- Born: Elsie Margaret Binger July 7, 1880
- Died: November 25, 1953 (age 73)
- Occupation: Ornithologist
- Spouses: Victor Reichenberger; Walter Wehle Naumburg;
- Parent(s): Frances Newgass Binger Gustav Binger
- Family: Elkan Naumburg (father-in-law) Walter D. Binger (brother) Carl Binger (brother)

= Elsie Naumburg =

American ornithologist

Elsie Margaret Binger Naumburg (7 July 1880, New York City, NY, US – 25 November 1953) was an American ornithologist.

==Biography==
Naumburg was born to a Jewish family in New York City, the daughter of Frances (née Newgass) and Gustav Binger. She had three brothers: Robert Binger, Walter D. Binger, and Carl Binger. She studied at the Sachs Institute at the University of Frankfurt am Main and at the Ludwig-Maximilians-Universität München, and studied with Carl Edward Hellmayr for several years. On returning to the United States she joined the staff of the Bird Department at the American Museum of Natural History, under Frank Chapman. She specialized in South American birds.

Naumburg's most important work was on the birds of the Mato Grosso, based on collections made by George Kruck Cherrie during the Roosevelt–Rondon Scientific Expedition led by Theodore Roosevelt and Cândido Rondon. She later employed Emil Kaempfer to collect birds in southeastern Brazil.

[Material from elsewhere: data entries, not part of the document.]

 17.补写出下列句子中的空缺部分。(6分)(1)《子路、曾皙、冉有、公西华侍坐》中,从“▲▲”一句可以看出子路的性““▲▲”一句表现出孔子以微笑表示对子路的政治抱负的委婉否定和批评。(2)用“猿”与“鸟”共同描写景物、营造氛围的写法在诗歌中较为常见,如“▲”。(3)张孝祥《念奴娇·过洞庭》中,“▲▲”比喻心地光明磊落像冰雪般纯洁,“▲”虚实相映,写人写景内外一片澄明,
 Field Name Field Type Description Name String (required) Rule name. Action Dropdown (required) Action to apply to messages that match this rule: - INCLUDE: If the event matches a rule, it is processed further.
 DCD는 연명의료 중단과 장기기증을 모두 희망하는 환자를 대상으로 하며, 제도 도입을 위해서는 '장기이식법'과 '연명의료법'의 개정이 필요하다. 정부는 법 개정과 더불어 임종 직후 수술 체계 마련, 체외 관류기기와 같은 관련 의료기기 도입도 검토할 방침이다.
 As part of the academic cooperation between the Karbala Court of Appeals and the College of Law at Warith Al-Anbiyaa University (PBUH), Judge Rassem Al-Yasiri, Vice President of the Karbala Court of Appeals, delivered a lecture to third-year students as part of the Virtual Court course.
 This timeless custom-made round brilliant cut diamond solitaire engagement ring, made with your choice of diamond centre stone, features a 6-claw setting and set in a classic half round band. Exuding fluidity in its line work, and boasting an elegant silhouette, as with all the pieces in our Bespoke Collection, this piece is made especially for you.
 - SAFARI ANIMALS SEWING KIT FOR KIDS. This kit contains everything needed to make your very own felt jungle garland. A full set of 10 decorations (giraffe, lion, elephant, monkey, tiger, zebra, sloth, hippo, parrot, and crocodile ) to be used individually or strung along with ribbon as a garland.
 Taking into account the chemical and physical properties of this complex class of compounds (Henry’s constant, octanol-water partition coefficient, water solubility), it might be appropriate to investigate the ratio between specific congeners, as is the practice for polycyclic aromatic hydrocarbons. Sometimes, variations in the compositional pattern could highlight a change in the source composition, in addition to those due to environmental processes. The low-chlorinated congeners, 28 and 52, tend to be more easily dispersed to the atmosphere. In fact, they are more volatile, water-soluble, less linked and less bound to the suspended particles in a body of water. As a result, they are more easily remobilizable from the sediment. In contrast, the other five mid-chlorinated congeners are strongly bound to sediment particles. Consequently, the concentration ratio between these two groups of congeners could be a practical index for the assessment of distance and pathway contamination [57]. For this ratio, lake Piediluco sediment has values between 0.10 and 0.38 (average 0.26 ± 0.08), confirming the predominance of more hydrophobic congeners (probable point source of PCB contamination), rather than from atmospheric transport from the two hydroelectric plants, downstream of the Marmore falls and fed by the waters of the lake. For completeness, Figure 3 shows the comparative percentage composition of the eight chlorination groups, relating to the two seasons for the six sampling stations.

Naumburg married Victor Reichenberger in 1908, and some of her early publications were under that name. Reichenberger died in 1913, and she married Walter W. Naumburg in 1923.

== Works ==
- "The birds of Matto Grosso, Brazil. A report on the birds secured by the Roosevelt-Rondon expedition" New York (1930).
- "Gazetteer and Maps Showing Collecting Stations Visited by Emil Kaempfer in Eastern Brazil and Paraguay" Bulletin of the American Museum of Natural History, Volume 68, Art. 6, pp. 449–469 (1935).
- "Studies of Birds from Eastern Brazil and Paraguay, Based on a Collection Made by Emil Kaempfer" Bulletin of the American Museum of Natural History, Volume 74, Art. 3: 139–205 (1937).
- "Studies of Birds from Eastern Brazil and Paraguay, Based on a Collection Made by Emil Kaempfer (Concluding part of the study of the Formicariidae)" Bulletin of the American Museum of Natural History, Volume 76, Art. 6: 231–276 (1939).